He sighed again and started conciliatory, "When I was a kid we lived in this neighborhood. My mom was a hard working woman who cared for us and minded her own business and I loved her with my very soul, still do. She's an adorable grandmother to my kids now. One day I was playing with this kid who lived in the neighborhood and we had gone to the grocery store, looking around for some sweets and toys you know. Then these ladies walk into the store and they were talking. They didn't see us because we were on the other side and we were little so, you know. We were short at eight years old and they didn't pay no mind to us anyways even if they would have seen us. They were talking about my mom. Nasty things they were saying they pierced right through the heart as I heard them. I just stood here frozen in place not sure what to do. The words had hurt me so much as if they had been talking about me. And in a sense they were talking about me. What would hurt my mom would automatically hurt me too and vise vesa. So these ladies exited the store and I just froze there. My friend nudged me and we walked out after them. I remember feeling the air being too little for me to breathe right. Then my friend was like, 'come on Lou lets go tell you mom'. Man, I tell you I had him on the floor before he could take a step towards the direction of my house. I was eight. And I could not, would not let anyone repeat those words I just heard to my mother. Let alone say them myself to her. I threatened the kid to never repeat those words to anyone then I went home. I went and gave my mom a hug and looking at her I could never think to wipe that smile off her face with such words. I'll let those words hurt me and protected her from ever knowing that such vile things were ever said of her. I was only eight. And I knew enough to protect the person I loved. To this day, my mom will never hear those words." Lou said, looking at McGarrett. "That's our first instinct isn't it? To protect the ones we love?"
McGarretet could not deny it. That's how he'd felt just now when Lou had come to him with that Grace story. He remained silent.
"My friend wanted to run and tell my mother because he thought she should know. He thought it was important that she knew. But he didn't love her like I did. He didn't hurt hearing those words like I...her son did. So he wouldn't know how much it would hurt my mother to hear those words. And if he did, he didn't care. But I did, because I loved her and knew her and I was glad that I was the one to hear those words because that day, I was her shield. I shielded her from those bullets."
"That's different." Steve said stubbornly
"Is it? Now I know that keeping something like that, like yours is a little...but how easy is it to say out. How easy is it for you to tell Danny what I just told you to tell him? I mean, unless if you don't love him that much."
Steve had no come back.
"What happens to you happens to him. You two are closer than most brothers I know and I know what I said about Grace has hurt you very bad. Now if it could hurt you like that how easy is it for you to pass on that hurt to Danny? Would you tell him so easily?"
Steve snorted, "Lou you gotta stop using that Grace reference if it's not true because..."
"I know, it's not true and I am sorry for using it but it's not impossible. Now if it were you in that position would you tell him? If it were true would you so easily...?
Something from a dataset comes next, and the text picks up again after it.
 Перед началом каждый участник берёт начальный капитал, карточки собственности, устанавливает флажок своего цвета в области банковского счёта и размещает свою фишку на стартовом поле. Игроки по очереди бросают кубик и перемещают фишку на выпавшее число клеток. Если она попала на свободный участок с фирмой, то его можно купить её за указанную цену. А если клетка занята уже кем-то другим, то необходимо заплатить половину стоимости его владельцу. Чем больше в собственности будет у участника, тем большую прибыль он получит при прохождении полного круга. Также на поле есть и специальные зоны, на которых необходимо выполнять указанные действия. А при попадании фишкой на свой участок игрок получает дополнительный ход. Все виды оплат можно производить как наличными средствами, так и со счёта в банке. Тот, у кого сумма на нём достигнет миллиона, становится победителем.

Steve thought about it. "At the risk of catching one in the jaw again eventually I would have to."
"Well now stop acting all self righteous as if you would act differently in the same situation. It is hardest to say things like that to the ones we love the most because of out inherent need to protect. That's the thing with family. Their first instinct is to protect. And you can't fault them for that." Lou said as he took a step to leave the house, he had done his job judging by the look on McGarrett's face. He just prayed that pride wouldn't get in the way of him making this right. He turned as he reached the door.
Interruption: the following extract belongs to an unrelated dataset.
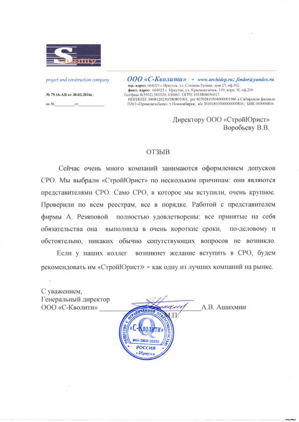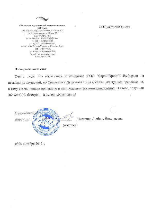Отзывы клиентов "СтройЮрист" по вступлению в СРО в Подольске

"Just make sure you don't lose the one person who would go to hell and back for you Steve. Because though we all love you man, you can totally live without us. But there're just some people you can't just move on without. You gotta be smart about this man. And please don't tell Danny what i just said about Grace and Rachel or I might find myself in an early grave. I don't wanna die yet." Lou said and walked out. Leaving Steve standing in his living room feeling defenseless.
...
He could not hide behind his anger now because now he knew that Danny had not been wrong. He couldn't have told him. And he had blamed him for what? For not telling him that he had seen a document with his DNA results stating that Joe White was his biological father? So what if he had told him at once then what? Would he have felt better about it? Would it have changed anything? Or did he just want someone to vent at and Danny happened to be the closest person who could feel the punch. The one person who would help him deal with this when he didn't want to deal. When he didn't want to acknowledge the facts. He had used Danny, creating an anger for him so he could block out the threatening emotional turmoil that was coming his way. He had blocked it all out. Avoided it and put up a fortress against anyone who could potentially threaten his fragile peace.
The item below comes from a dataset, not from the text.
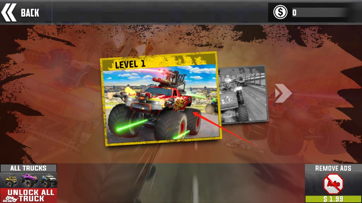 2、在關卡選擇界面,選LEVEL-1關卡 ,之后也可以使用金幣或付費解鎖更多車輛,增強游戲體驗。

Now he stood there in the middle of his living room fighting the fight with himself he knew he was not going to win this time. His control was not going to be enough this time.
Joe White is my father.
Joe white is my father.
He shook it off, or at least tried. This is exactly what he had been avoiding to face up to. Lashing at everything and everyone who even tried to bring it up. That's why he had lashed out so viciously at Danny. Because he was the only one who knew at that time and looking at him had just reminded him of what he was trying so hard to forget.
Joe White is you father.
And he could not, would not face up to that. To all it entailed. The lies, the blatant lies by his family.
Joe white is your father.
He hurled a glass from the table across the room and it smashed against the wall.
Joe white is your father!
He walked across and took hold of the family photo in the living room. With him and Mary and their mom and dad. John McGarrett. He looked at it and smashed it against the wall. He saw it fall to the ground, the glass covering it now small fragments on the floor. The smiling faces on the photo now exposed. He looked at it again and went wild. He started smashing every single furniture in the room he could hurl against the wall. When his war was over and he now stood there in the middle of all that chaos, heaving and trembling with rage, he finally realized that he had no strength left to keep fighting. Against every cell of his being he was forced to face up now.
John Mcgarrett was not his father. He was not a McGarrett. He was not a McGareett.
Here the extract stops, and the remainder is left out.